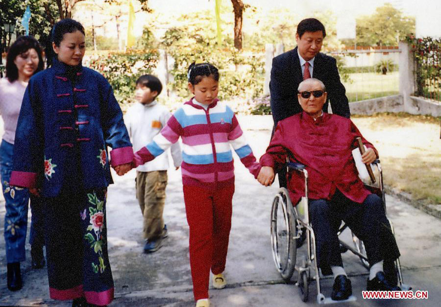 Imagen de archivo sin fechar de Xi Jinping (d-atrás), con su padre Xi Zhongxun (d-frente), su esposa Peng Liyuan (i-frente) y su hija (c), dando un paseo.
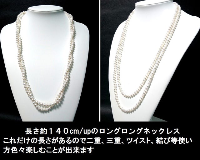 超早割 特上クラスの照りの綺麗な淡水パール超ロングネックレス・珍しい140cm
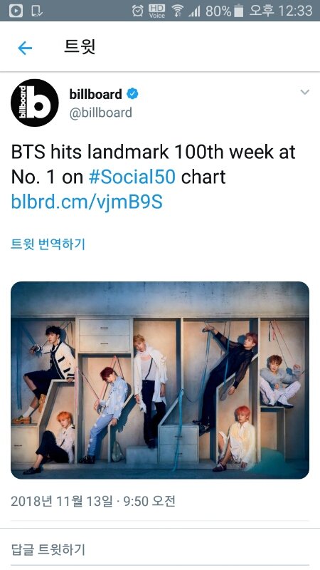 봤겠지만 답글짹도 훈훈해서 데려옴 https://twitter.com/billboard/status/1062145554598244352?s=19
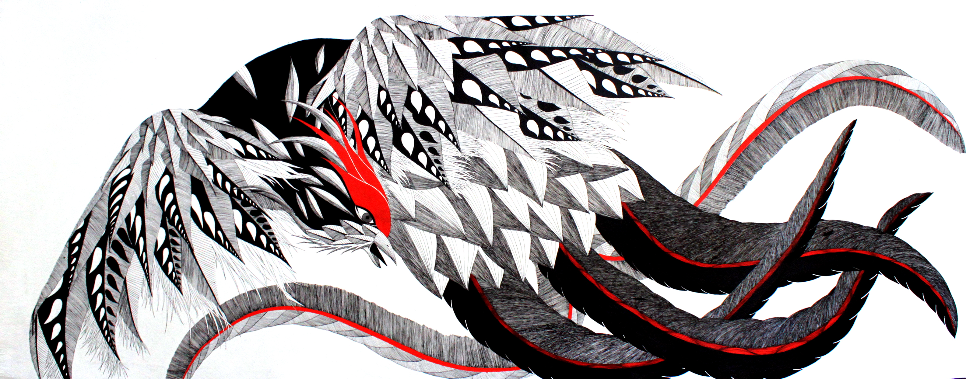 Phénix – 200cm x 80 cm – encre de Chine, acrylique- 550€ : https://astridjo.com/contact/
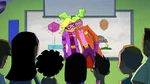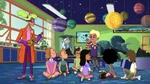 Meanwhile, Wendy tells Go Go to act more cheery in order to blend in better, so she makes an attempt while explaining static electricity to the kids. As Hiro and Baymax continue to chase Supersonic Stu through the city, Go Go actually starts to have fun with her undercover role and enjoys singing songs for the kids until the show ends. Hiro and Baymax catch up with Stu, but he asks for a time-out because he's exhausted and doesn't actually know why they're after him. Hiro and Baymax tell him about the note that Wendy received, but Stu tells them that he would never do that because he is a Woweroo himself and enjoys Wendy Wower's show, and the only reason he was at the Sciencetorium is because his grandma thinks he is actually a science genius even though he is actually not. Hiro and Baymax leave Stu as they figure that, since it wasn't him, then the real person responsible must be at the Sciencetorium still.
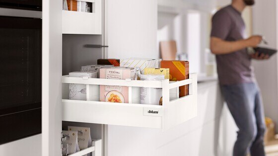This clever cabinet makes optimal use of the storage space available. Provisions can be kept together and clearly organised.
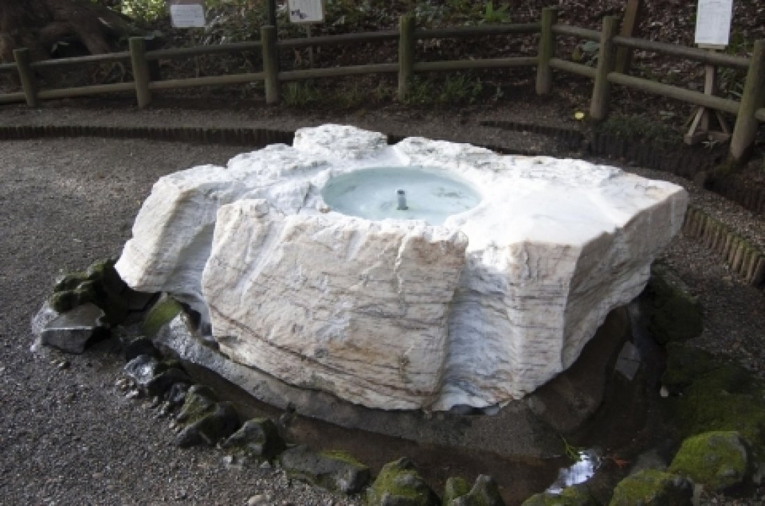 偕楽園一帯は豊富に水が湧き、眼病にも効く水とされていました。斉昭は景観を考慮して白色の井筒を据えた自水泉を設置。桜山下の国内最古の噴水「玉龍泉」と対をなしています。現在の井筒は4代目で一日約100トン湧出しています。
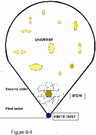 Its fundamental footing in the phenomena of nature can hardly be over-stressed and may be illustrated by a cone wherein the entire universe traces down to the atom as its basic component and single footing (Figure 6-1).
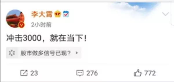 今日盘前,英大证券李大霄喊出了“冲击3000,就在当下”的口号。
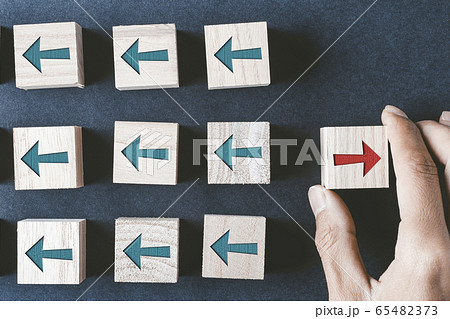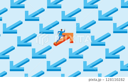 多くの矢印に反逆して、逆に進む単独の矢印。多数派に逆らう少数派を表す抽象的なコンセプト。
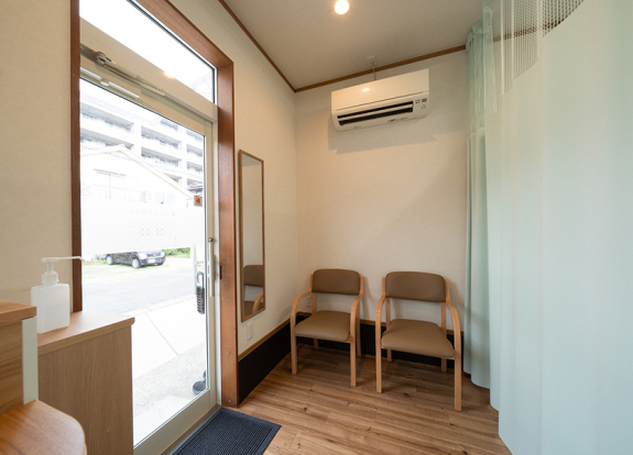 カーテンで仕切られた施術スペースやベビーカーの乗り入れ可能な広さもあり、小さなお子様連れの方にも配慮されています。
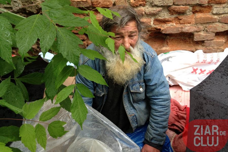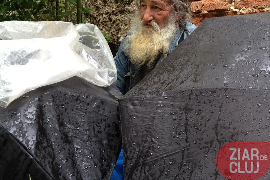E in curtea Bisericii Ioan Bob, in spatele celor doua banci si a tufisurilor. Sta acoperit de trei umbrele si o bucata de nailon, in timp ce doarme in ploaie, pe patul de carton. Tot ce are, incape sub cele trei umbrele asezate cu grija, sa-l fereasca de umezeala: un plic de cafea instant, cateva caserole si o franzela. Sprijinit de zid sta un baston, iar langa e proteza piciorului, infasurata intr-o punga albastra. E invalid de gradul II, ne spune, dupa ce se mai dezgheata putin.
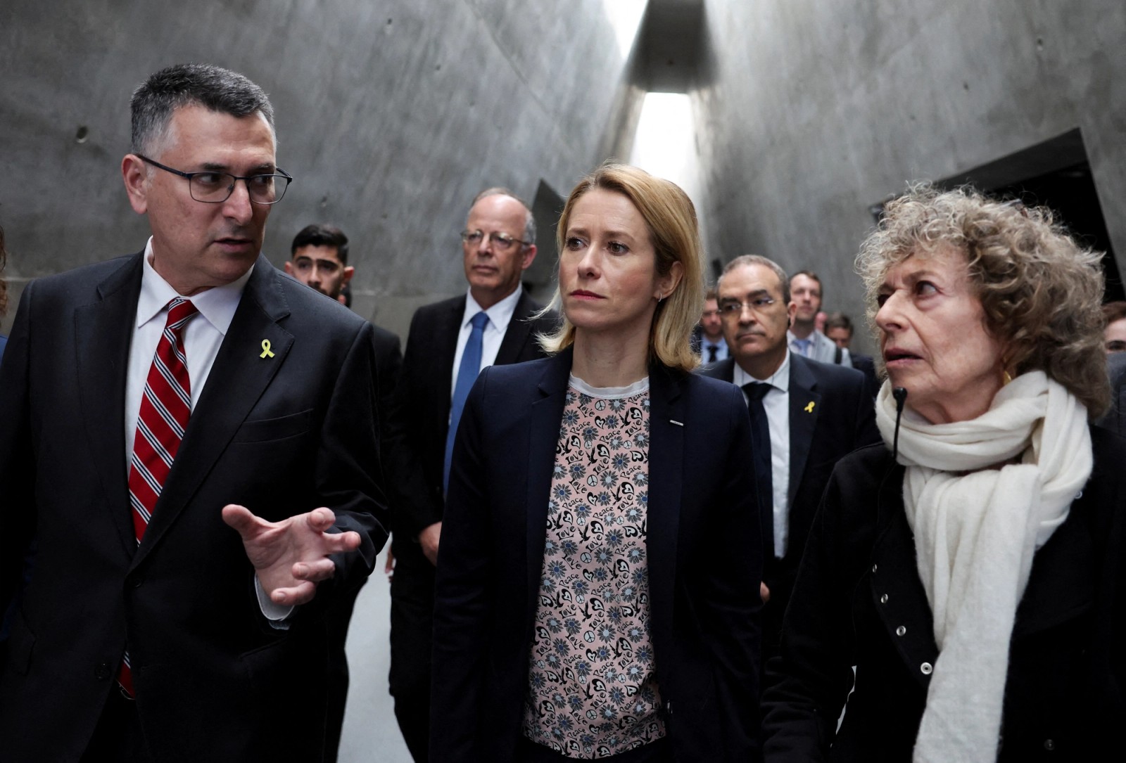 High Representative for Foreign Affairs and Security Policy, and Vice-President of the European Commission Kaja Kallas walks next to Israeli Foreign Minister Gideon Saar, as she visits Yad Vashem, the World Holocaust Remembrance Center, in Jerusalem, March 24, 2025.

====

* Task:
Could the stretch from the line with "多くの矢印に反逆して、逆に進" through the line with "カーテンで仕切られた施術スペ" in the listing above be restated word for word, minus the pictures?

* Response to this exercise:
 多くの矢印に反逆して、逆に進む単独の矢印。多数派に逆らう少数派を表す抽象的なコンセプト。
 カーテンで仕切られた施術スペースやベビーカーの乗り入れ可能な広さもあり、小さなお子様連れの方にも配慮されています。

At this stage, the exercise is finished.